La experiencia legislativa vivida en el Congreso de la Unión, con motivo de la iniciativa preferente para la reforma laboral enviada por el presidente Felipe Calderón, se ha convertido en un referente político del carácter real del nuevo PRI; no obstante que es muy pronto para abstraer algunos rasgos que definirían tanto a la próxima administración federal de Enrique Peña Nieto, como el contenido del que está compuesto ese calificativo de nuevo que dicen tener los priístas, podemos entrever algunos elementos.
Hasta hoy, después del resultado de las elecciones del 1 de julio, en que el triunfo de Peña se convirtió en legal pero no en lícito –debido a los cuestionamientos, hasta ahora no resueltos, del alto financiamiento ilegal que tuvo en su campaña–, y con base en el propósito compartido por las fuerzas políticas para evitar el quebrantamiento de la institucionalidad política del país con un inútil conflicto postelectoral, la aparente cordialidad política entre los partidos podrá tener una redefinición; el sano ambiente político, considero, ha sido propiciado, en buena medida, por el comportamiento que ha tenido el presidente Calderón con el presidente electo Peña, al llevar un proceso de entrega-recepción amigable y de civilidad política –algunos la interpretan como interesada, aunque es congruente con la institucionalidad que ha mostrado durante su administración-.

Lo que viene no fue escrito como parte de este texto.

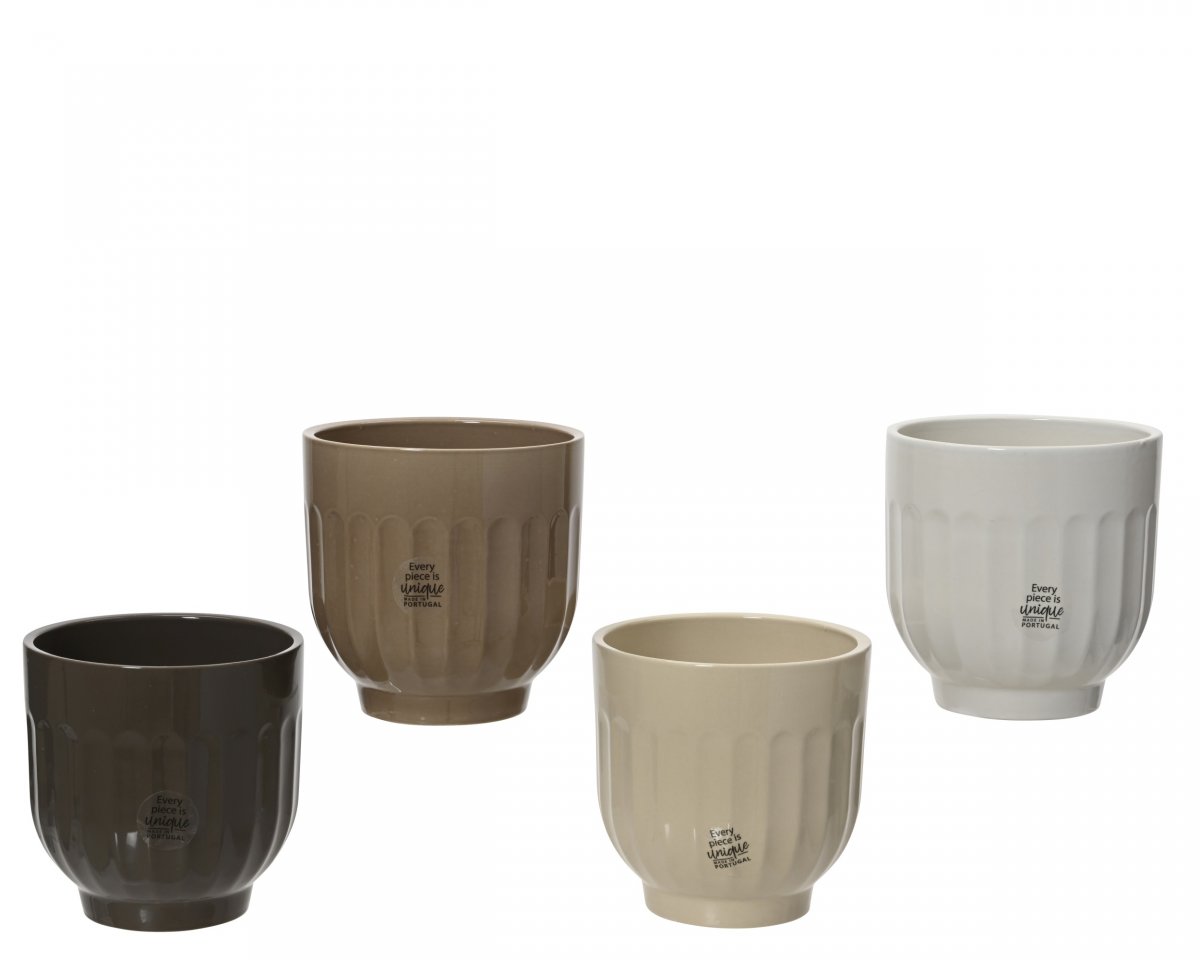 En dekorativ kruka i keramik med subtil rilletur och elegant, rund form. Den glaserade ytan i jordnära färger – som brun, beige, ljusbrun och vit – ger en naturlig och ombonad känsla i inredningen.

El punto de redefinición de la relación entre los partidos políticos, se podrá observar en la forma como la bancada priísta de la Cámara de Diputados maneje la minuta que le devolvió el Senado con las modificaciones a la reforma laboral; es decir, si retoma el espíritu mostrado por sus senadores, tanto al acompañar algunas modificaciones que propusieron el PAN y el PRD, como al aceptar que la votación no les favoreció en las otras, tomando en cuenta la mejor respuesta a las demandas del país.
Por lo pronto, algunas declaraciones, como la del diputado Manlio Fabio Beltrones, parecen volver a las formas tradicionales del PRI: “afirmó que el PRI insistirá en dejar la redacción del artículo 371 como se envió al Senado, que incluye la posibilidad de elección de dirigencias a mano alzada, y anticipó su rechazo a la modificación del artículo 388 bis, al cual se agregó que los trabajadores podrán conocer los contratos colectivos antes de que los firmen los patrones” (LJ, 26 de octubre).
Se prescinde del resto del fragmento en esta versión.